0

for file screening I have following code in two different directories:

import os, re

g=open('results_1.txt', 'w') #Other has 'results_2.txt'

for filename in os.listdir('.'):
    if filename.startswith("f"):
        with open(filename, 'r') as f:
            content =[line.rstrip() for line in f]

        A = filter(lambda x: 'KeyWord_1 :' in x, content)
        B = filter(lambda x: 'KeyWord_2 :' in x, content)

        print >> g,filename,

        for item in A:
            print >> g,item,
        for item in B:
            print >> g,item,

g.close()

Both directories have similar file (to be parsed my script) naming convention. So files look like this: file_1000.txt, file_100.txt, file_101.txt,.....,file_1.txt,......file_9.txt.

I change the script just to change the name of results file.

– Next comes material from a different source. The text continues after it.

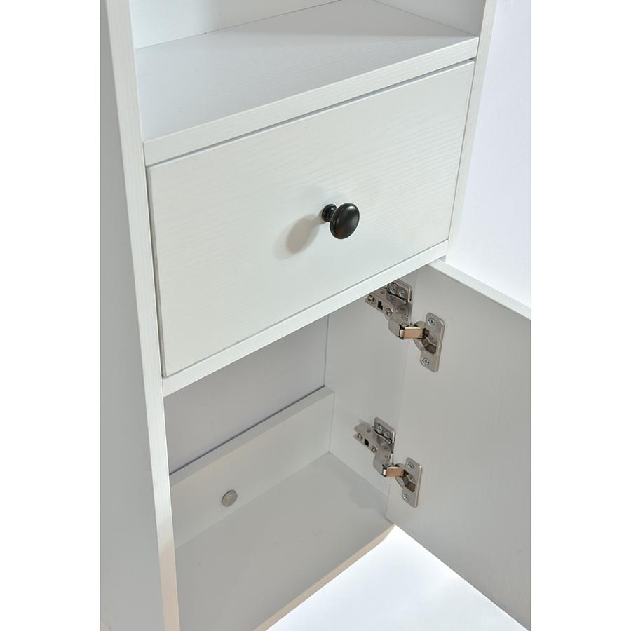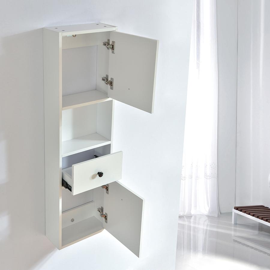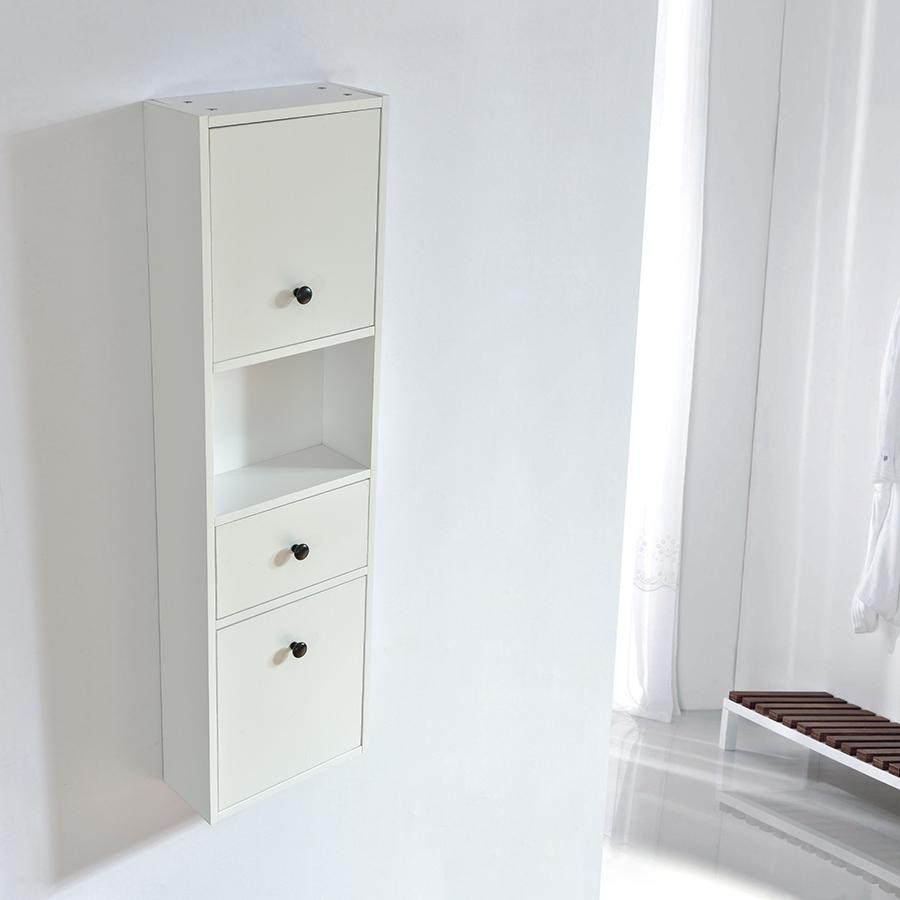 Questa colonna pensile di grandi dimensioni offre tre vani interni, grazie a due grandi ante e un cassetto, oltre a un comparto esterno.

But in one directory the files are sorted from _1 to _1000 and then results file has appropriate order while other does not. Why?

I am sorry this is related to my work and I can give any specifics.

P.S. I tried sorted function and it did not work as I wanted.

Trevor Hickey
  • 36,288
  • 32
  • 162
  • 271
algoProg
  • 718
  • 2
  • 11
  • 27
  • 1
    This is because `os.listdir` is unsorted. This answer might help: http://stackoverflow.com/questions/6773584/how-is-pythons-glob-glob-ordered/6773636#6773636 Also see this: http://stackoverflow.com/questions/4813061/nonalphanumeric-list-order-from-os-listdir-in-python – RomanK Oct 29 '16 at 16:25
  • To expand on @RomanK's comment, here is the official documentation for [`os.listdir`](https://docs.python.org/2/library/os.html#os.listdir) stating: *The list is in arbitrary order.* – UnholySheep Oct 29 '16 at 16:26
  • Okay, so if I understand it right, by arbitrary we should understand it as NOT DETERMINISTIC! So difference is in one directory the arbitrary order is assumed different than the other. This can be a problem. But okay. – algoProg Oct 29 '16 at 16:31
  • @algoProg: Just sort it. – Blender Oct 29 '16 at 16:32
  • Blender I will do that. In first attempt I did default sorting and it did not work. I need to do it as per the numbers in the file name. Thanks. – algoProg Oct 29 '16 at 16:33

1 Answers1

1

From the documentation on os.listdir:

Return a list containing the names of the entries in the directory given by path. The list is in arbitrary order, and does not include the special entries '.' and '..' even if they are present in the directory.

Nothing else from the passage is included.